MONOCLONAL ANTIBODIES
Antibodies against human serum amyloid P component (SAP) produced a potent, complement-dependent macrophage-derived giant cell reaction in mice, resulting in removal of the visceral amyloid deposits1. Monoclonal antibodies can also promote amyloid deposit removal and degradation and may be helpful as a diagnostic tool18. Dezamizumab, an anti-SAP IgG1 antibody, demonstrated safety and efficacy in a Phase I clinical trial, but its development was discontinued1. Other compounds may be helpful, although there are no ongoing human clinical trials at the moment18 (Fig. 2D).
DOXYCYCLINE AND TAURODESOXYCHOLIC ACID (TUDCA)
Doxycycline, a derivative of tetracycline, is an antibiotic, and TUDCA is a bile acid. They are both amyloid matrix solvents and are investigated to promote the removal of TTR deposits and repair the remaining tissue. They have a synergistic effect and work by lowering both fibrillar and non-fibrillar deposits. A Phase II clinical trial with doxycycline and TUDCA showed that this combination stabilizes the disease in patients with ATTRv amyloidosis with good tolerability and few side effects19.
CONCLUSIONS
ATTRv amyloidosis is a genetic disease that has served as a prototype for developing different novel treatment modalities. It was a model for expanding new transplant options, such as domino liver transplantation and combined organ transplants. TTR stabilizers were the next generation of modifying treatments and resulted in a slower progression of the disease in patients with hereditary and wild-type ATTR amyloidosis.
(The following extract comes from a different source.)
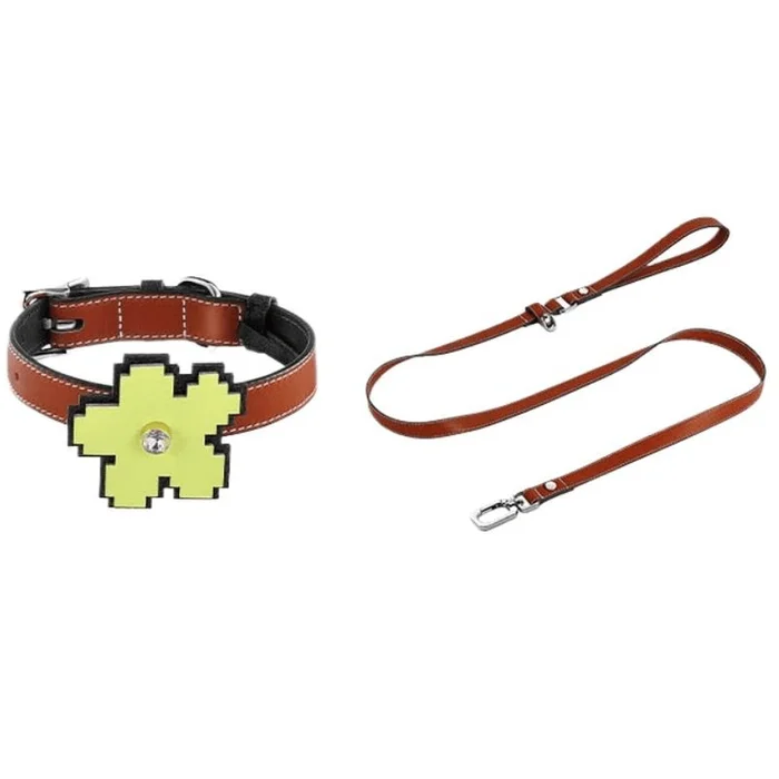 Mars Phone Pet Collar Pixel Flower+Cocoa Brown Collar (31-38cm)

In the past decade, silencing genes to arrest the production of the mutated protein showed to be very successful and safe. This latter approach has become a model to target other genetically induced degenerative, metabolic, or neoplastic conditions. Finally, siRNA delivery through specialized non-viral lipid nanocarriers is a more accessible and inexpensive mechanism to deliver the genetic oligonucleotides into the genes, opening a new era of targeted treatments.
Given the number of different therapeutic options for ATTR amyloidosis, it is evident that patients do not need to manifest disease progression to initiate treatment. Future perspectives need to address the optimal time for beginning and combining different medications not only to halt the symptomatic progression of the disease but also to inhibit all amyloid depositions permanently. However, some ethical and practical dilemmas need to be resolved, including the optimal time of genetic testing and the development of treatments with longer intervals of application or more permanent results.